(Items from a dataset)
━━━━━━━━━━

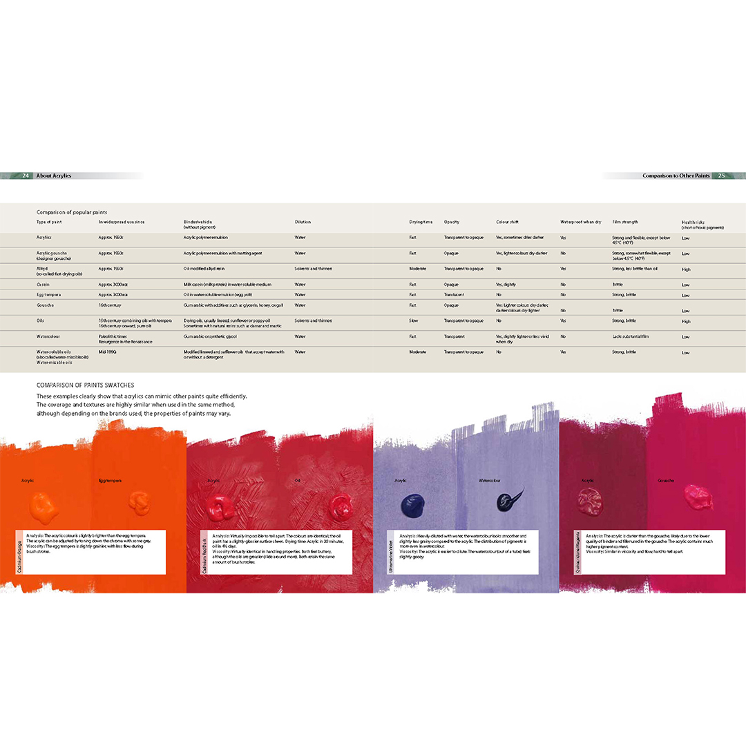 This is the ultimate resource guide for acrylic painters. Every painting technique is explained and demonstrated, plus everything you need to know about paints, additives, brushes, papers, canvases, colour palettes, colour mixing, composition and more.
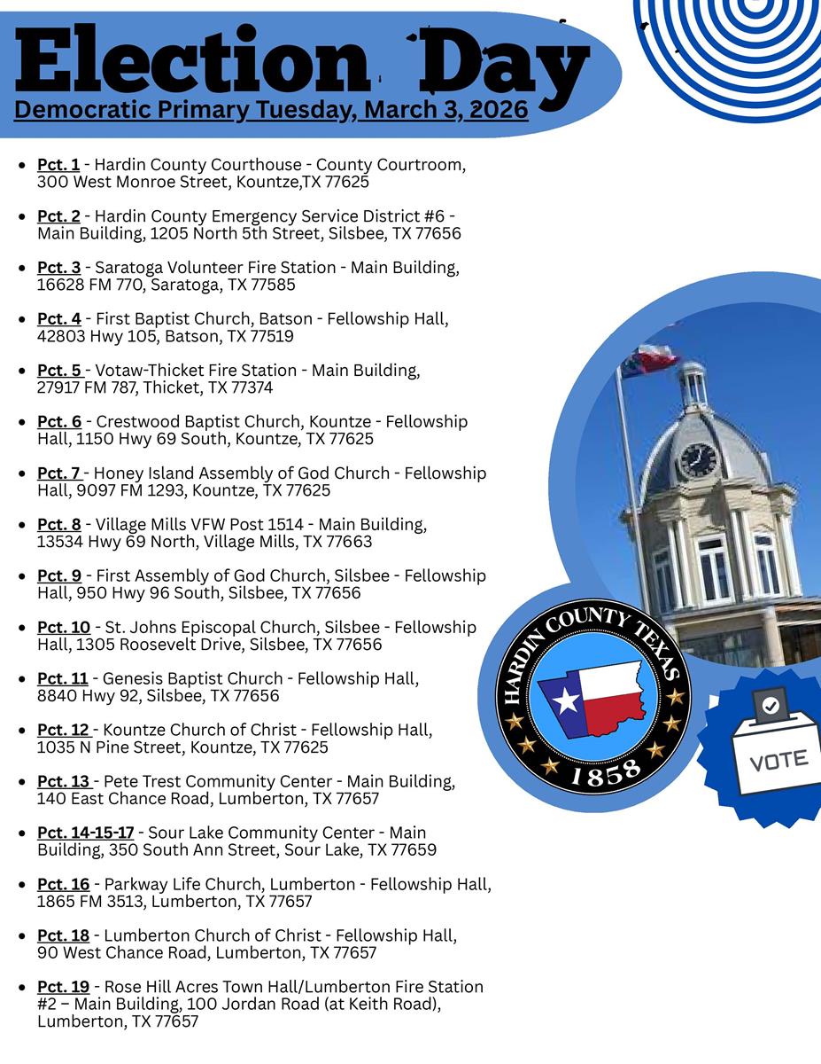On September 1, 2023, HB 2626 went into effect. Hardin County Elections Administration will post each campaign finance report, including Appointment of Campaign Treasurer forms filed with our office on or after September 1, 2023. They will be made available here.
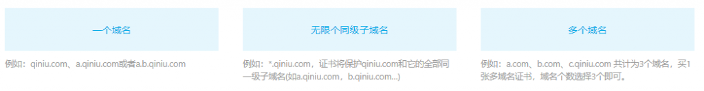 2.1.3,选择【多个域名】,例如:a.com、b.com、c.qiniu.com 共计为3个域名,买1张多域名证书,域名个数选择3个即可。推荐DigiCertEV Pro多域名SSL证书。
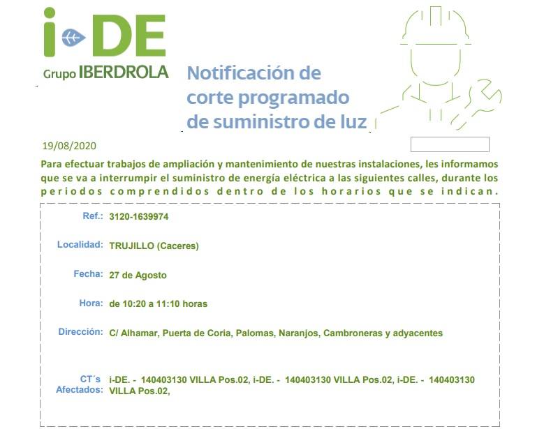 Afectará a las vías Alhamar, Puerta de Coria, Palomas, Naranjos, Cambroneras.El Ayuntamiento, a través de Iberdrola, informa del corte del suministro de energía eléctrica que se producirá el 27 de agosto, con el fin de ... efectuar trabajos de ampliación y mantenimiento de las instalaciones de la entidad. Se producirá de 10.20 a 11 horas y afectará a las calles Alhamar, Puerta de Coria, Palomas, Naranjos, Cambroneras, así como vías aledañas.
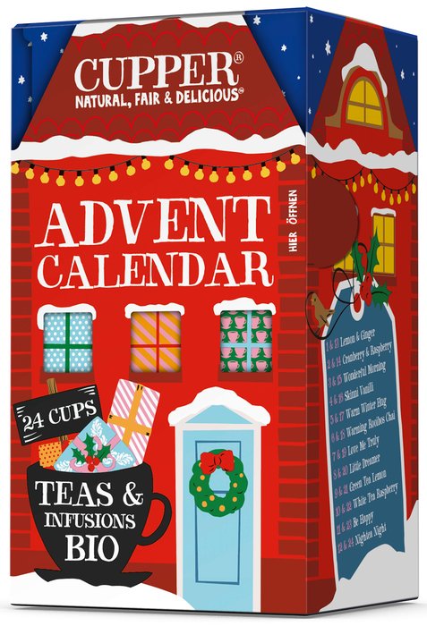 Složení: ibišek*, šípek* kopřiva*, kořen lékořice*, přírodní malinové aroma 5 %, přírodní brusinkové aroma* 3 %, kousky brusinek * 1 %, kousky malin* 1 %. 3 & 15 WONDERFUL MORNING - Bio bylinný čaj s citronovou trávou, maté a citronovou verbenou, aromatizovaný** Složení: citronová tráva* 43 %, maté * 23 %, citronová verbena* 15 %, kořen lékořice*, bílý ibišek*, přírodní citronové aroma* 4 %, citronová kůra* 2 %. Maté přirozeně obsahuje kofein. Nedoporučuje se dětem a těhotným ženám. 4 & 16 SKINNI VANILLI - Bio bylinný čaj s vanilkou, aromatizovaný** Složení: ibišek*, šípek*, kořen lékořice*, rooibos*, kakaové skořápky*, přírodní jahodové aroma* 6 %, skořice*, vanilka* 2 %, přírodní karamelové aroma* 2 %. 5 & 17 WARM WINTER HUG - Bio bylinný čaj se skořicí, badyánem a klikvou, aromatizovaný** Složení: ibišek*, skořice* 22 %, kořen lékořice*, šípek*, hřebíček*, přírodní pomerančové aroma 4 %, badyán* 3 %, pomerančová kůra*, klikva velkoplodá* 1 %, přírodní aroma černého rybízu 1 %. *z ekologického zemědělství. 6 & 18 WARMING ROOIBOS CHAI - Bio bylinný čaj s rooibosem, skořicí a zázvorem, Složení: rooibos* 52 %, skořice* 30 %, kořen zázvoru* 8 %, kardamon*, hřebíček*, černý pepř* 7 & 19 LOVE ME TRULY - Bio bylinný čaj se skořicí, zázvorem a hřebíčkem** Složení: skořice* 47 %, semena fenyklu*, kořen zázvoru* 12 %, pomerančová kůra*, kořen lékořice*, hřebíček* 3 %, kořen čekanky*. 8 & 20 LITTLE DREAMER - Bio bylinný čaj s heřmánkem, meduňkou a levandulí. Složení: heřmánek* 30 %, meduňka* 15 %, levandule* 14 %, citronová tráva*, semena fenyklu*, šípek*, máta*. 9 & 21 GREEN TEA LEMON - Bio zelený čaj s citronem, aromatizovaný Složení: zelený čaj* 93 %, přírodní citronové aroma* 6 %, citronová kůra* 1 %. 10 & 22 WHITE TEA RASPBERRY - Bio bílý čaj s malinami, aromatizovaný. Složení: bílý čaj*, přírodní malinové aroma* 6 %, kousky malin* 1 %, přírodní aroma černého rybízu. 11 & 23 BE HAPPY - Bio bylinný čaj se skořicí, zázvorem, černým pepřem, aromatizovaný** Složení: skořice* 30 %, kořen zázvoru* 25 %, kořen lékořice*, fenykl*, pomerančová kůra*, bílý ibišek*, přírodní citronové aroma* 3 %, černý pepř* 2 %, citronová kůra* 1 %. 12 & 24 NIGHTEA NIGHT - Bio bylinný čaj se skořicí, heřmánkem a meduňkou, aromatizovaný. Složení: skořice* 35 %, heřmánek* 25 %, meduňka* 20 %, rooibos*, přírodní pomerančové aroma 5 %. *z ekologického zemědělství ** Obsahuje lékořici – osoby s vysokým krevním tlakem by se měly vyvarovat nadměrné spotřeby.

━━━━━━━━━━

**TASK INSTRUCTIONS**
Exactly as written above, print every record, and keep the pictures out.

**REPLY TO THE TASK**
 This is the ultimate resource guide for acrylic painters. Every painting technique is explained and demonstrated, plus everything you need to know about paints, additives, brushes, papers, canvases, colour palettes, colour mixing, composition and more.
On September 1, 2023, HB 2626 went into effect. Hardin County Elections Administration will post each campaign finance report, including Appointment of Campaign Treasurer forms filed with our office on or after September 1, 2023. They will be made available here.
 2.1.3,选择【多个域名】,例如:a.com、b.com、c.qiniu.com 共计为3个域名,买1张多域名证书,域名个数选择3个即可。推荐DigiCertEV Pro多域名SSL证书。
 Afectará a las vías Alhamar, Puerta de Coria, Palomas, Naranjos, Cambroneras.El Ayuntamiento, a través de Iberdrola, informa del corte del suministro de energía eléctrica que se producirá el 27 de agosto, con el fin de ... efectuar trabajos de ampliación y mantenimiento de las instalaciones de la entidad. Se producirá de 10.20 a 11 horas y afectará a las calles Alhamar, Puerta de Coria, Palomas, Naranjos, Cambroneras, así como vías aledañas.
 Složení: ibišek*, šípek* kopřiva*, kořen lékořice*, přírodní malinové aroma 5 %, přírodní brusinkové aroma* 3 %, kousky brusinek * 1 %, kousky malin* 1 %. 3 & 15 WONDERFUL MORNING - Bio bylinný čaj s citronovou trávou, maté a citronovou verbenou, aromatizovaný** Složení: citronová tráva* 43 %, maté * 23 %, citronová verbena* 15 %, kořen lékořice*, bílý ibišek*, přírodní citronové aroma* 4 %, citronová kůra* 2 %. Maté přirozeně obsahuje kofein. Nedoporučuje se dětem a těhotným ženám. 4 & 16 SKINNI VANILLI - Bio bylinný čaj s vanilkou, aromatizovaný** Složení: ibišek*, šípek*, kořen lékořice*, rooibos*, kakaové skořápky*, přírodní jahodové aroma* 6 %, skořice*, vanilka* 2 %, přírodní karamelové aroma* 2 %. 5 & 17 WARM WINTER HUG - Bio bylinný čaj se skořicí, badyánem a klikvou, aromatizovaný** Složení: ibišek*, skořice* 22 %, kořen lékořice*, šípek*, hřebíček*, přírodní pomerančové aroma 4 %, badyán* 3 %, pomerančová kůra*, klikva velkoplodá* 1 %, přírodní aroma černého rybízu 1 %. *z ekologického zemědělství. 6 & 18 WARMING ROOIBOS CHAI - Bio bylinný čaj s rooibosem, skořicí a zázvorem, Složení: rooibos* 52 %, skořice* 30 %, kořen zázvoru* 8 %, kardamon*, hřebíček*, černý pepř* 7 & 19 LOVE ME TRULY - Bio bylinný čaj se skořicí, zázvorem a hřebíčkem** Složení: skořice* 47 %, semena fenyklu*, kořen zázvoru* 12 %, pomerančová kůra*, kořen lékořice*, hřebíček* 3 %, kořen čekanky*. 8 & 20 LITTLE DREAMER - Bio bylinný čaj s heřmánkem, meduňkou a levandulí. Složení: heřmánek* 30 %, meduňka* 15 %, levandule* 14 %, citronová tráva*, semena fenyklu*, šípek*, máta*. 9 & 21 GREEN TEA LEMON - Bio zelený čaj s citronem, aromatizovaný Složení: zelený čaj* 93 %, přírodní citronové aroma* 6 %, citronová kůra* 1 %. 10 & 22 WHITE TEA RASPBERRY - Bio bílý čaj s malinami, aromatizovaný. Složení: bílý čaj*, přírodní malinové aroma* 6 %, kousky malin* 1 %, přírodní aroma černého rybízu. 11 & 23 BE HAPPY - Bio bylinný čaj se skořicí, zázvorem, černým pepřem, aromatizovaný** Složení: skořice* 30 %, kořen zázvoru* 25 %, kořen lékořice*, fenykl*, pomerančová kůra*, bílý ibišek*, přírodní citronové aroma* 3 %, černý pepř* 2 %, citronová kůra* 1 %. 12 & 24 NIGHTEA NIGHT - Bio bylinný čaj se skořicí, heřmánkem a meduňkou, aromatizovaný. Složení: skořice* 35 %, heřmánek* 25 %, meduňka* 20 %, rooibos*, přírodní pomerančové aroma 5 %. *z ekologického zemědělství ** Obsahuje lékořici – osoby s vysokým krevním tlakem by se měly vyvarovat nadměrné spotřeby.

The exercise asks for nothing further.